WORK TO COMPLETE | Shown below are entries with pictures; the line with "青春逢盛世,奋斗正当时。获奖" through the line with "2021年2月9日,张桂梅(右二)在家访" is the span to retype exactly, and the pictures stay out.

........

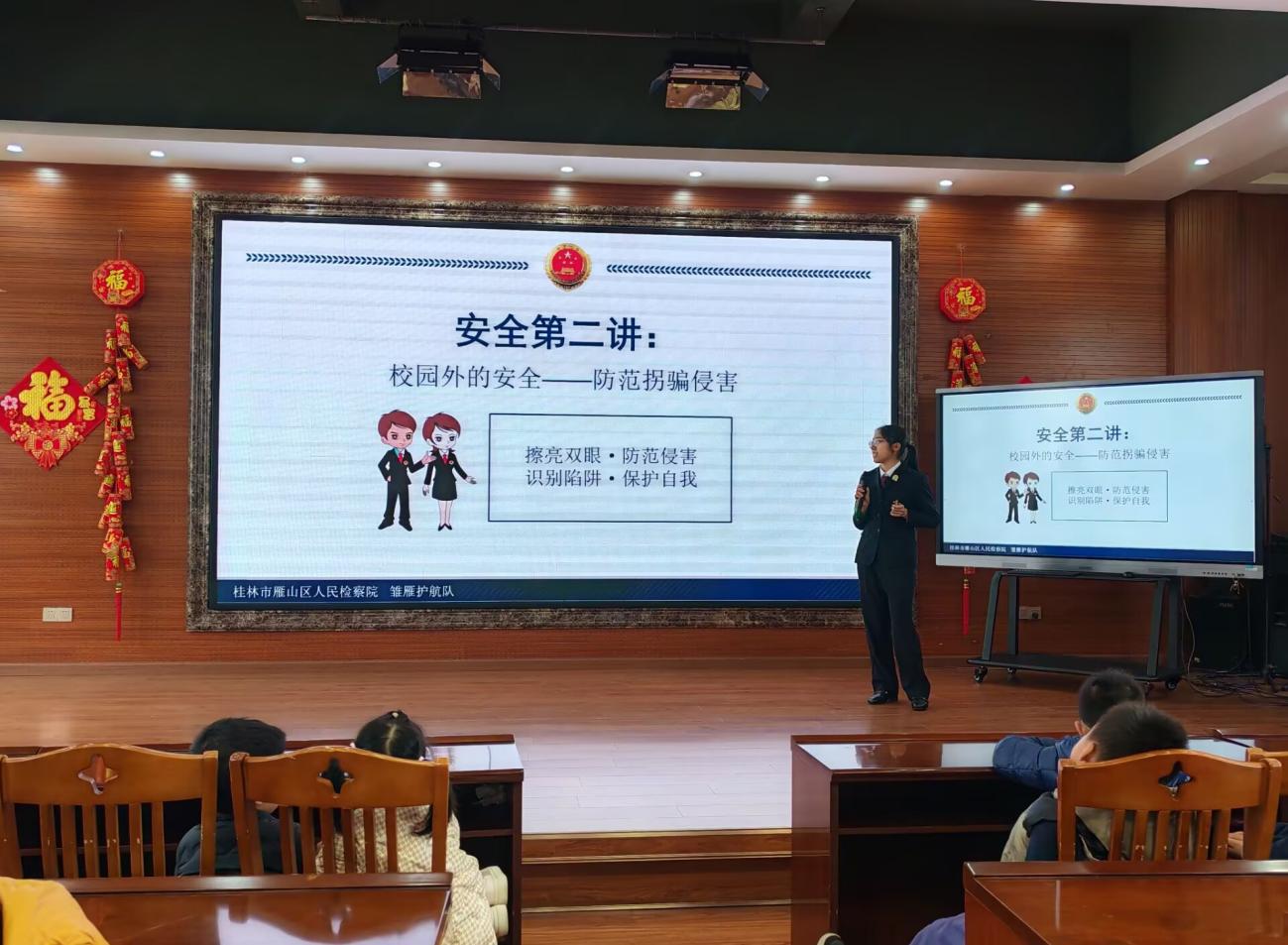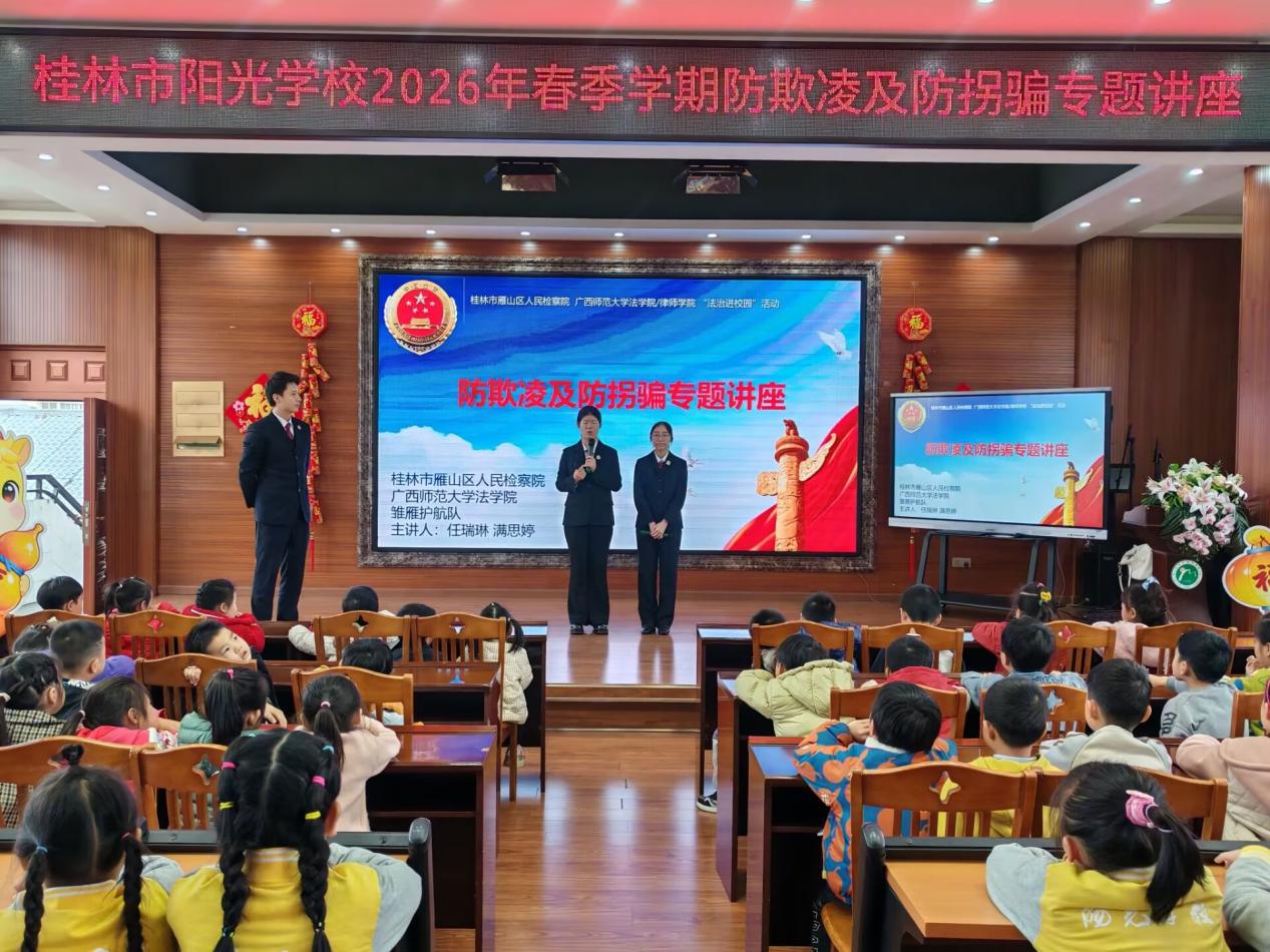 为传承和弘扬雷锋精神,深入推进青少年法治教育,进一步增强学生法治观念,提升自我保护能力,近日,雏雁护航队先后走进桂林市阳光学校、桂林市榕湖小学,开启雷锋宣传月“法治进校园”主题宣讲活动。本次宣讲聚焦防范校园欺凌与防范拐骗侵害两大主题,精准对接小学生成长需求,筑牢未成年人安全防护网。
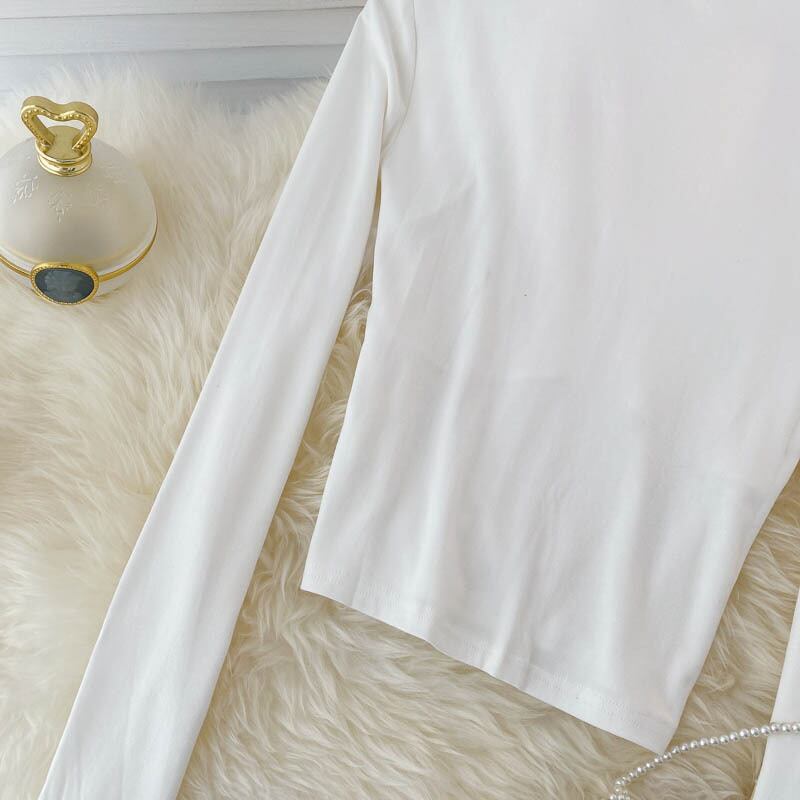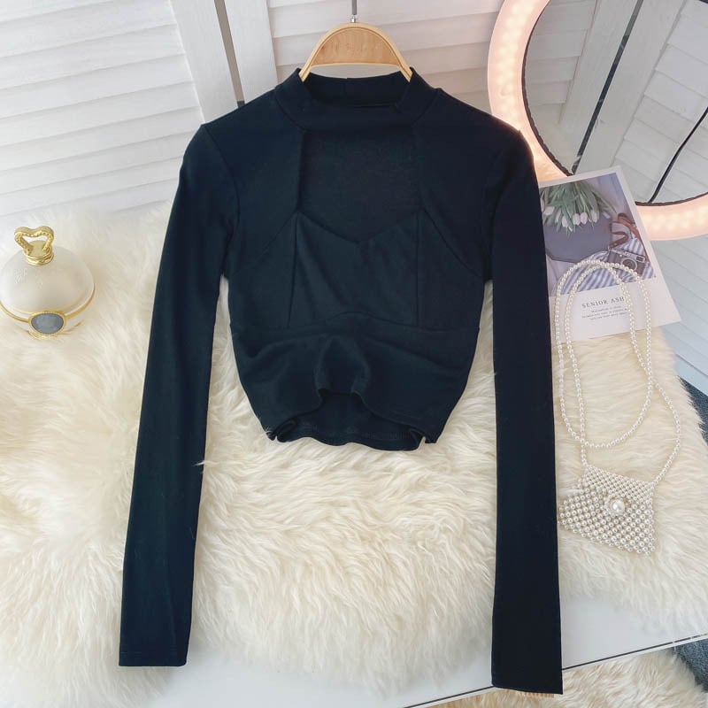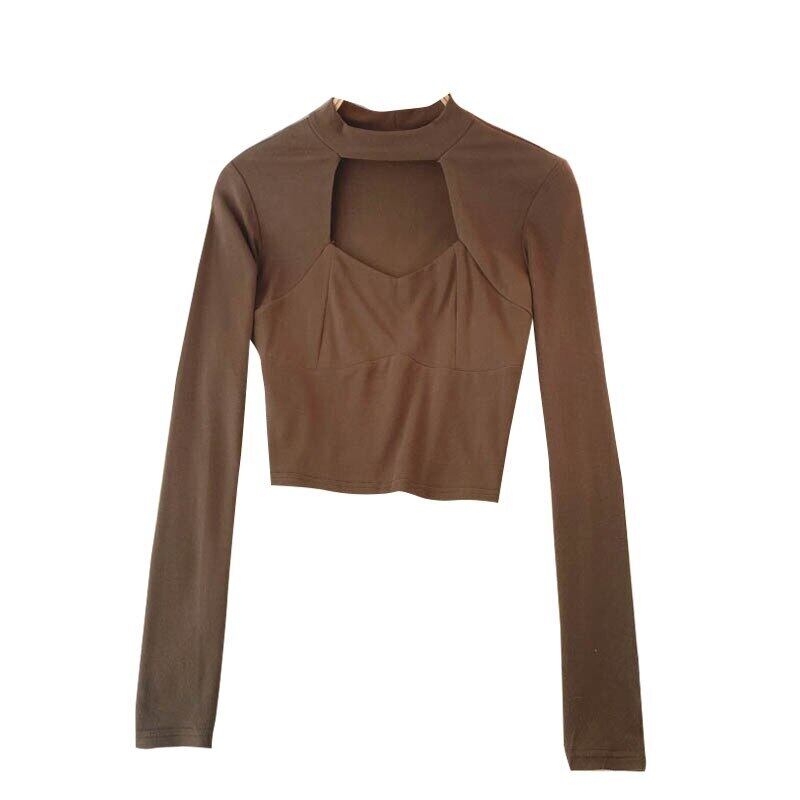 女性ブラウス長袖スタンド襟中空トップス2021秋セクシースリムストリートウェアショートブラウス ロング オータム 秋物
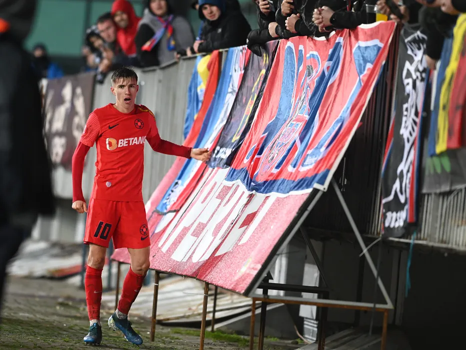 Octavian George Popescu saluta galeria la iesirea de pe teren din meciul de fotbal dintre Chindia Targoviste si FCSB, contand pentru Superliga Superbet, desfasurat pe Stadionul Ilie Oana din Ploiesti, duminica 11 decembrie 2022. © FOTO:Razvan Pasarica/SPORT PICTURES
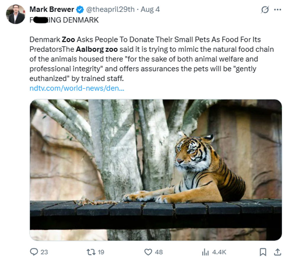 Aalborg Zoo in Denmark is facing serious backlash this week after putting out a public request for "unwanted animals" that they can euthanize and then feed to their predatory animals, primarily their wild cat population.
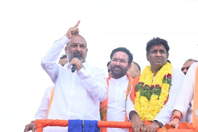 కాకతీయ, తెలంగాణ బ్యూరో : జూబ్లిహిల్స్ నియోజకవర్గం కిషన్ రెడ్డి అడ్డా అని కేంద్ర మంత్రి బండి సంజయ్ అన్నారు. బీజేపీని గెలిపిస్తే కిషన్ రెడ్డి కేంద్రం నుంచి మరిన్ని నిధులు తీసుకొచ్చి జూబ్లిహిల్స్ ను అభివృద్ధి చేస్తారని అన్నారు. కాంగ్రెస్, బీఆర్ఎస్ పార్టీలు దొందూ దొందే అని.. రెండు పార్టీలు కలిసి దోచుకుంటున్నాయని మండిపడ్డారు. ఈ రెండు పార్టీల పాలనలో జూబ్లిహిల్స్ ప్రజలకు ఒరిగిందేంలేదన్నారు. బీజేపీని ఓడించేందుకు దేశమంతా పోటీ చేస్తున్న మజ్లిస్ పార్టీ.. జూబ్లిహిల్స్ లో ఎందుకు పోటీ చేయడం లేదని సంజయ్ ప్రశ్నించారు. ఈ రెండు పార్టీలతో ఎంఐఎం చేసుకున్న బేరసారాలే నిదర్శనం అన్నారు. కాంగ్రెస్ గెలిస్తే బంజారాహిల్స్ పెద్దమ్మ తల్లి స్థలాన్ని మజ్లిస్ కు ధారాదత్తం చేస్తుందని ఆరోపించారు. కాంగ్రెస్ పై కోపంతో బీఆర్ఎస్ కు ఓట్లేస్తే ఇక అంతే సంగతులన్నారు. బీజేపీని గెలిపించి ఆ రెండు పార్టీలకు బుద్ది చెప్పాలని పిలుపునిచ్చారు.
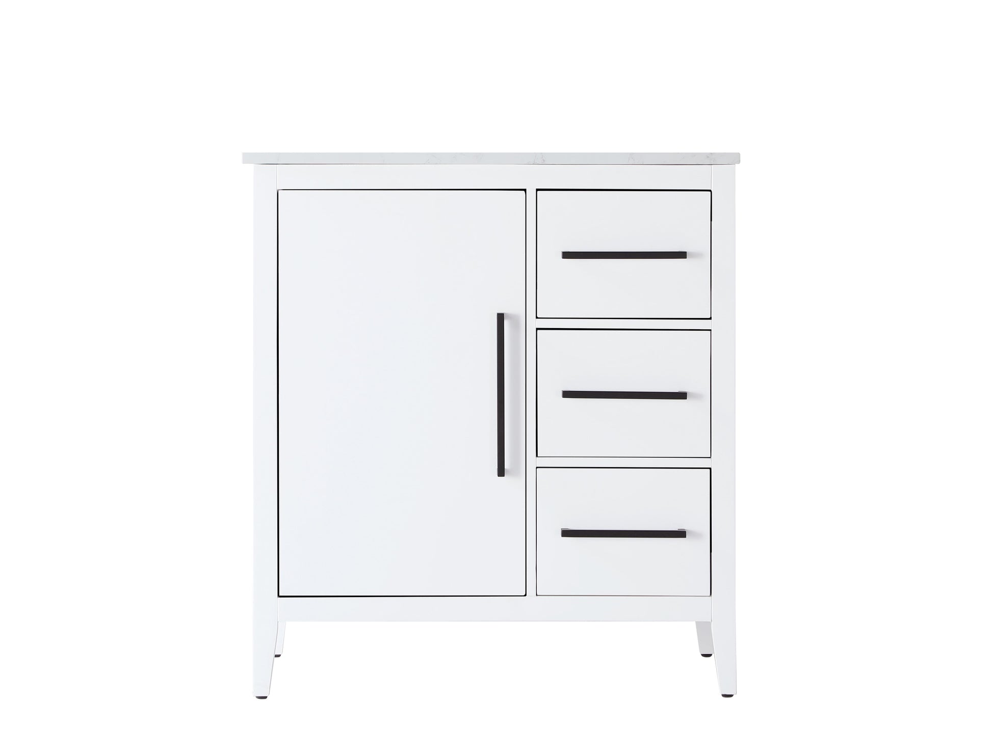 Bring both elegance and practicality to your bathroom with this transitional vanity, available in a selection of rich finishes that highlight the beauty of faux wood grain in shades of mocha, chestnut, and honey, along with classic white and modern grey. The flat door panels and sleek black metal pulls create a minimalist yet refined aesthetic, while the soft-closing drawers and tapered legs with levelers provide smooth, functional operation. Topped with a luxurious white engineered marble countertop and featuring a porcelain sink, this vanity combines timeless style with modern efficiency. Thoughtfully designed with U-shaped cutout for plumbing, it offers ample storage and easy installation, making it the perfect centerpiece for any bathroom.
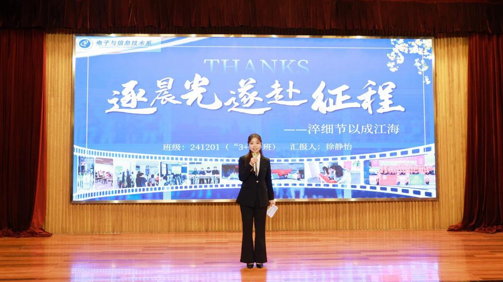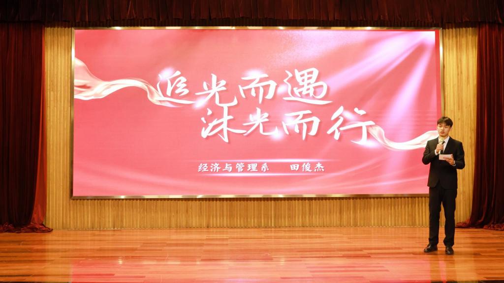 青春逢盛世,奋斗正当时。获奖学生代表依次登台分享成长感悟,传递榜样力量。国家奖学金获得者田俊杰同学以“追光而遇,沐光而行”为题,讲述了自己以理想为帆、以奋斗为桨,在学业钻研、专业竞赛、社会实践等领域深耕不辍、突破自我的青春故事,激励在场学子锚定目标、全力以赴书写无悔答卷;专业技能奖学金获得者王耀同学以“从追光到发光:竞赛点燃的逆袭之路”为题,分享了自己从专业“新手”蜕变为获奖“达人”的艰辛历程,他坦言,恩师的悉心指导、竞赛的实战淬炼、认知的持续升级是成长路上的三大支点,他鼓励学弟学妹们主动走出舒适区,以敢闯敢试的勇气追逐梦想;学风建设标兵班级代表徐静怡同学以“凝学风践初心,聚班魄赴新程”为题,分享了班级在思想引领、学风建设、实践服务等方面的创新举措与丰硕成果,她强调,团结协作、携手共进是班级发展的核心动力,号召全体同学在集体熔炉中锤炼本领,让“正德人”的底色在拼搏奋斗中熠熠生辉。
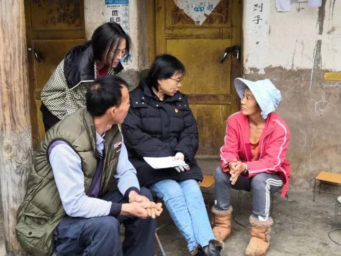 2021年2月9日,张桂梅(右二)在家访时与学生家长交谈。新华社发(王秀丽摄)张桂梅说,华坪女高的学生大多来自山区,家庭条件普遍较差。“高三是高考冲刺关键期,我只有家访才能充分了解、帮助解决她们家庭的困难,让她们没有后顾之忧专心学习。”
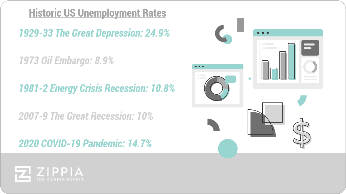 The U.S. experienced record periods of unemployment during the Great Depression (1929-1933), the Oil Embargo recession (1983-1975), the Energy Crisis recession (1981-1982), the Great Recession (2007-2009), and the COVID-19 pandemic (2020-2021).

........

THE ANSWER |
 青春逢盛世,奋斗正当时。获奖学生代表依次登台分享成长感悟,传递榜样力量。国家奖学金获得者田俊杰同学以“追光而遇,沐光而行”为题,讲述了自己以理想为帆、以奋斗为桨,在学业钻研、专业竞赛、社会实践等领域深耕不辍、突破自我的青春故事,激励在场学子锚定目标、全力以赴书写无悔答卷;专业技能奖学金获得者王耀同学以“从追光到发光:竞赛点燃的逆袭之路”为题,分享了自己从专业“新手”蜕变为获奖“达人”的艰辛历程,他坦言,恩师的悉心指导、竞赛的实战淬炼、认知的持续升级是成长路上的三大支点,他鼓励学弟学妹们主动走出舒适区,以敢闯敢试的勇气追逐梦想;学风建设标兵班级代表徐静怡同学以“凝学风践初心,聚班魄赴新程”为题,分享了班级在思想引领、学风建设、实践服务等方面的创新举措与丰硕成果,她强调,团结协作、携手共进是班级发展的核心动力,号召全体同学在集体熔炉中锤炼本领,让“正德人”的底色在拼搏奋斗中熠熠生辉。
 2021年2月9日,张桂梅(右二)在家访时与学生家长交谈。新华社发(王秀丽摄)张桂梅说,华坪女高的学生大多来自山区,家庭条件普遍较差。“高三是高考冲刺关键期,我只有家访才能充分了解、帮助解决她们家庭的困难,让她们没有后顾之忧专心学习。”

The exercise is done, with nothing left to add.